Now the plan for Kanas is to coax the herders out of the national park altogether, something that’s being accomplished by nurturing grasslands – via an irrigation project – near the winter camps. That way the herders wouldn’t have a reason to migrate to Kanas any longer, and already the number of pastoralists in Kanas has been decreasing by 3-5 percent annually. “Then we move into the areas they vacate,” Chen explained, “and reconstruct the grasslands and forests – every year, we treat 8,000-10,000 square meters of grasslands and plant up to 50,000 trees.”
As a result of ecological management, including more aggressive patrolling for poaching, some key species are starting to make a comeback. Swans have now returned to Kanas Lake and other rare animals have also expanded their range – these include brown bears, snow leopards, snow owls, red deer, and pheasants. “However,” Chen pointed out, “key species are still decreasing overall. So we have some way to go before we actually manage to reverse the decline in species’ populations.”
The idea is that in the end only native Tuwa inhabitants would be left in the park, and they’ll give up herding for tourism. They are permitted to build extensions to their homes to take in lodgers, to open rustic restaurants and shops, and to take tourists horse-riding. Almost half of the Tuwa are already making money from tourism – whether employed by the park’s administration or servicing tourists – and the old now receive a pension from the government.
“We want the exteriors of all buildings here to remain rustic,” told me Zhang Yongshu, the official in Hemu, “and the interiors can be comfortable and modern hotel rooms. The key is to retain the traditional ambience here.”

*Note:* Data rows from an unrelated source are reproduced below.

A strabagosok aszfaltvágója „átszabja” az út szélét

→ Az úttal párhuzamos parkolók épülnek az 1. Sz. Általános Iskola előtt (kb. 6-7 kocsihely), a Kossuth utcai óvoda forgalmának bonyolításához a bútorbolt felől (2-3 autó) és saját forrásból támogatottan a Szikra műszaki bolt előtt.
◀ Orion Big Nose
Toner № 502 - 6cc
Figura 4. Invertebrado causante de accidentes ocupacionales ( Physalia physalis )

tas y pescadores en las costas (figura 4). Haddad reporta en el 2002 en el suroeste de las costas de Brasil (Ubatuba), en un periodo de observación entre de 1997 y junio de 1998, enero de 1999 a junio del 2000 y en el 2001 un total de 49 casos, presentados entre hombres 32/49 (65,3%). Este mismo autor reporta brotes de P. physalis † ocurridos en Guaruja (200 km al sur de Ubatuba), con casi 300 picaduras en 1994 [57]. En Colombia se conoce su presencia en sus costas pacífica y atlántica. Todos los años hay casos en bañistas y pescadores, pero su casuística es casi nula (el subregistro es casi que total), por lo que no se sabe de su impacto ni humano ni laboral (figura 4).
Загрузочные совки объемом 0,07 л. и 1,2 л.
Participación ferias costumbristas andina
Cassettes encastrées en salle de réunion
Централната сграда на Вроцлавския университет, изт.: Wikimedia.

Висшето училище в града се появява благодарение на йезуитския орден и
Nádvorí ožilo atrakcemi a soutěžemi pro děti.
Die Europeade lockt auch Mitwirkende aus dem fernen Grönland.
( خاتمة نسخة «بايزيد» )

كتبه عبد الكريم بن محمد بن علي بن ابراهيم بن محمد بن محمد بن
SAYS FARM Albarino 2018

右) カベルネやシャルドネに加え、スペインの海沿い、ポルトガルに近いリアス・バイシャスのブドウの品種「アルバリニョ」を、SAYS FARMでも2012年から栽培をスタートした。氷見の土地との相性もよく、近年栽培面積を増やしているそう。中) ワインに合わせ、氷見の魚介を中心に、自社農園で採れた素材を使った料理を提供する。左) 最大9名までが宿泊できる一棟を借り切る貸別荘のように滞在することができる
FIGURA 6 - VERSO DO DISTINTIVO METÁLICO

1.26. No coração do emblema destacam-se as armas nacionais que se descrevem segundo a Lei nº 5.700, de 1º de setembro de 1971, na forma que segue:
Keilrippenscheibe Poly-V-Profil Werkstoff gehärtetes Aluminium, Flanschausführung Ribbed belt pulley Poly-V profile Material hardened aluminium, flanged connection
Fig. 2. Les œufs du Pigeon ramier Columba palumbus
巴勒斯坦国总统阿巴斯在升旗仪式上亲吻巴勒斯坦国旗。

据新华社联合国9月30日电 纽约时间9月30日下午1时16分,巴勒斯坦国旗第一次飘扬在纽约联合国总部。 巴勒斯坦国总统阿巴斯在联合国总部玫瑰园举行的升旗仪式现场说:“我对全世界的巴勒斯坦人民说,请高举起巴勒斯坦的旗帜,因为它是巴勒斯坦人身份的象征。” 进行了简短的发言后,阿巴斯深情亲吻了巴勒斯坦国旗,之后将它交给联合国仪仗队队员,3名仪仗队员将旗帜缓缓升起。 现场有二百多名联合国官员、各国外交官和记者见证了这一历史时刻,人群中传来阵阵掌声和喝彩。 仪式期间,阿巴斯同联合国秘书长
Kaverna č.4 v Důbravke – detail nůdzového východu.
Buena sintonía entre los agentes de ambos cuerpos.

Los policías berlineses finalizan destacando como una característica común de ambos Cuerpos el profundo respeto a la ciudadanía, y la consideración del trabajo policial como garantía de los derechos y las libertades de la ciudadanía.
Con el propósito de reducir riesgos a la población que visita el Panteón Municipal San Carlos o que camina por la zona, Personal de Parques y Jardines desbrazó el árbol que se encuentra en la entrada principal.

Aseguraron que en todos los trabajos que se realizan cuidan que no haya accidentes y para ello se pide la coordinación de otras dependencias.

I went to Hemu after I had explored the area around Kanas Lake, and I liked it best. It’s less commercial than the area around Kanas Lake, which receives more than half a million tourists annually (most visitors come with tour groups that don’t venture off the road, and hence even at Kanas Lake the landscapes are lonesome). Yet Hemu feels more remote and self-contained, like a place suspended in time. Even the arrival of outside developers who built 57 guesthouses hasn’t really impinged on its quaintness.
I had planned to stay in Hemu for two nights and ended up staying for six nights. I didn’t do much aside from rambling around the village and some day-hikes in the surrounding mountains, but that was the whole point, to slow down to the somnolent pace of the village and enjoy the Siberian light, which I found revitalising. And I had good company in my hosts – their chuckling and sniggering, smoking and eating was infectious – always ready to chat or drink. On my last day they invited me to stay an extra night to see a Mongolian dance show they were putting up that evening for a group of tourists staying overnight. I didn’t tell them that it was just the kind of thing I wanted to avoid, and it hastened my departure.

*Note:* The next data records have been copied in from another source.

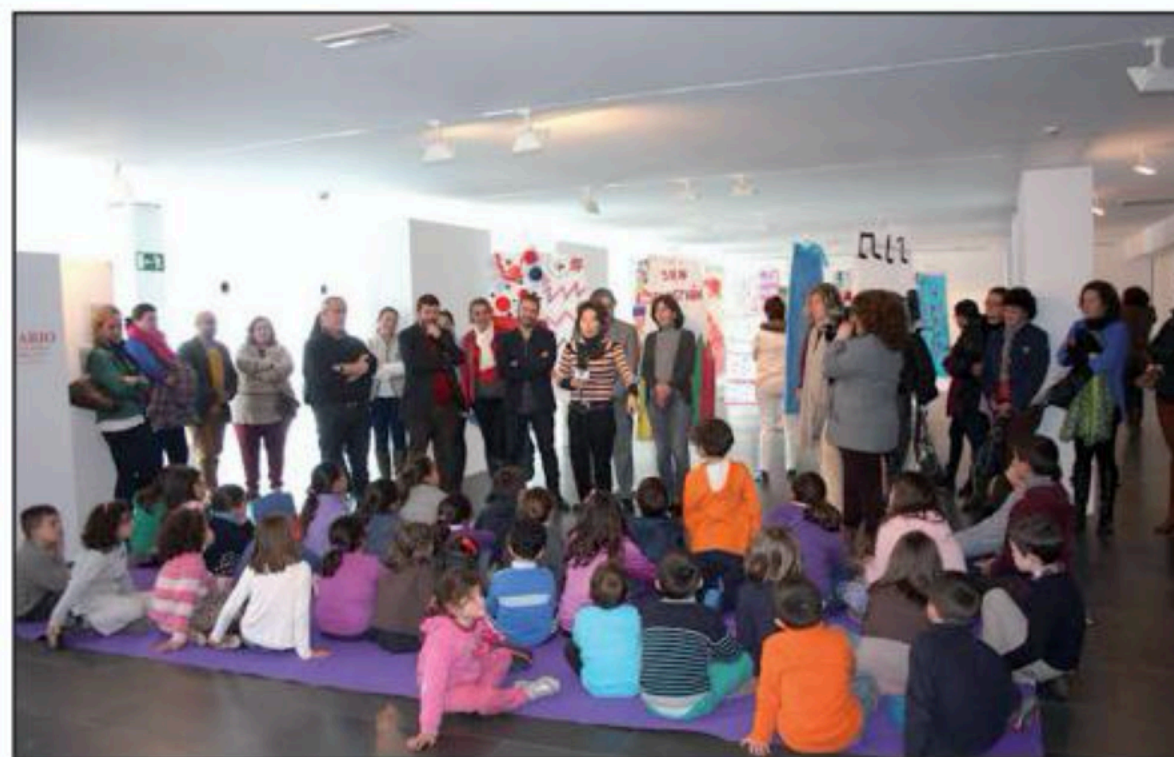
Los niños atendiendo a las explicaciones de los monitores.

La exposición "La vida breve. Dibujos para una ópera" se creó a partir del diseño de vestuario y creaciones audiovisuales de la ópera "La vida breve" de Manuel de Falla en el centenario de su estreno. Esta muestra ha sido realizada por los estudiantes de los másteres oficiales de la Universidad de Granada: "Dibujo: creación,
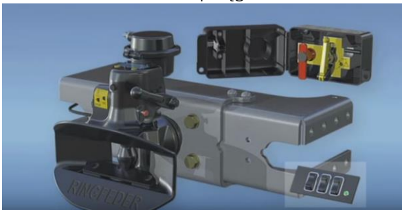
Działanie sprzęgu AM
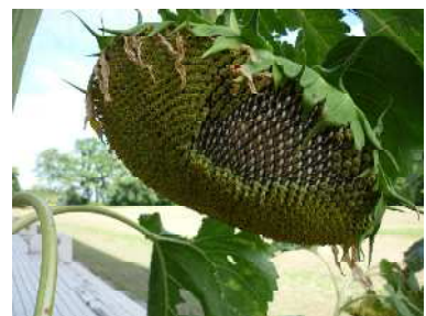
【種をつけたヒマワリ】

1日1日の変化は目に見えないけれど、こんなに大きく成長したんですね。夏休みの34日間で、みなさん一人一人もきっと大きな成長があると思います。今日は、先生と友達とで夏休みについて振り返りながら、このことも話してみてください。
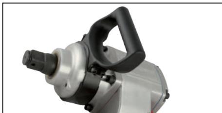
Mango adicional ajustable 360° para mayor comodidad de uso.

Cuando se utiliza la atornilladora diariamente se deberá recargar el filtro lubricador (Cód. 90699 101 12) con aceite para línea neumática. En caso de usarla esporádicamente, verificar el nivel de aceite.
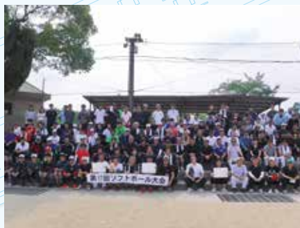
ソフトボール大会
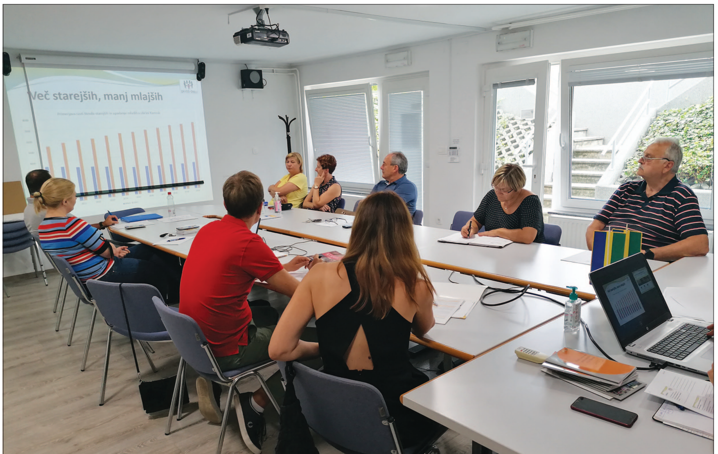
Srečanje s potencialnimi partnerji projekta za starejše, Dol pri Ljubljani, 26. 8. 2020

Naslednja aktivnost projekta EU_SHAFE je srečanje deležnikov v maju 2021, na katerem bodo predstavljene evropske dobre prakse na temo komuniciranja in informiranja.
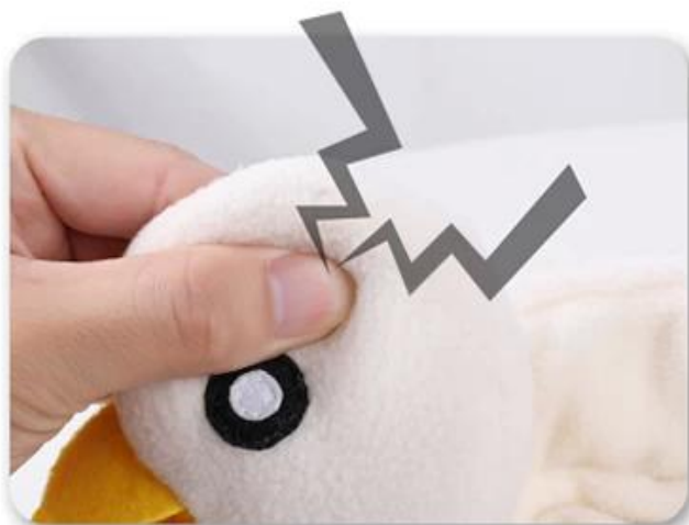
2.按响BB叫，吸引狗狗注意力
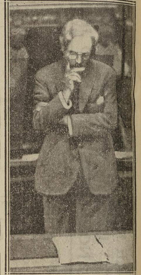
M. JEAN LONGUET
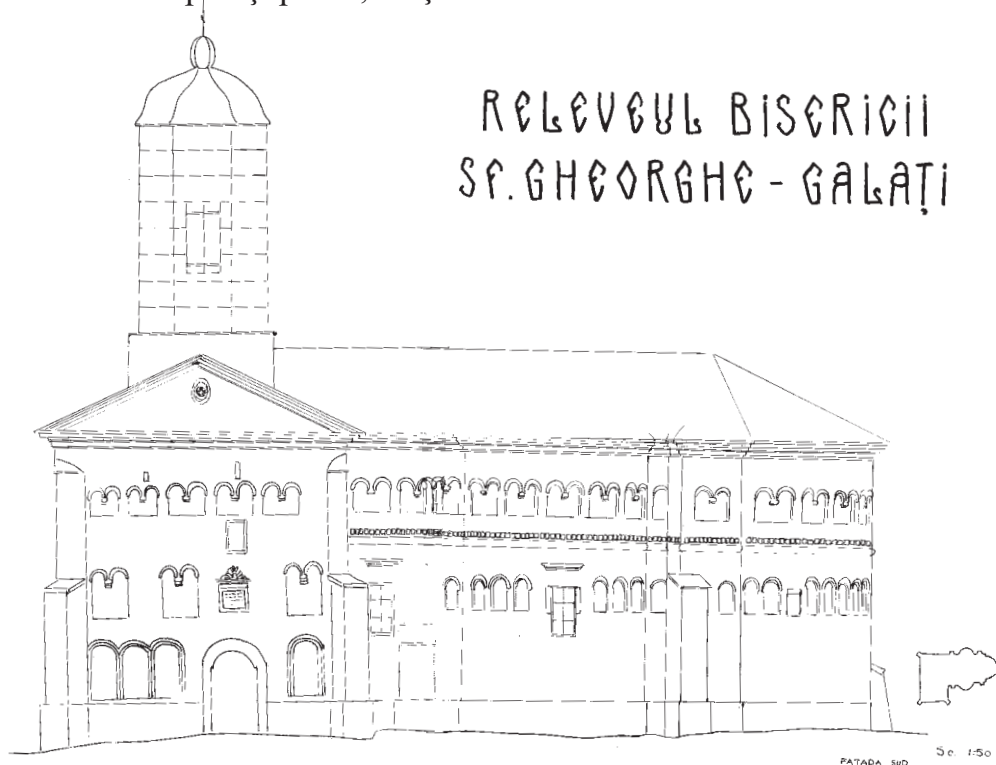
Fig.4. Relevul bisericii - fațada de sud

Catapeteasma era lucrată în lemn de tei și era pictată în stil bizantin. Tot în interiorul bisericii se afla un cafas mare cu grilaj de lemn și un amvon din lemn sculptat și poleit, susținut de o scară cu balustradă. 30

Yang was tetchy that day. It would be the first show they would put up, and he worried that the tourists might not like it and the tour agency wouldn’t send another group. I suggested he give them milk whiskey and nothing would go wrong. He said, “You might think we have an easy life, but in here” – he tapped his head with his index finger – “I’m always thinking about how to serve guests well.”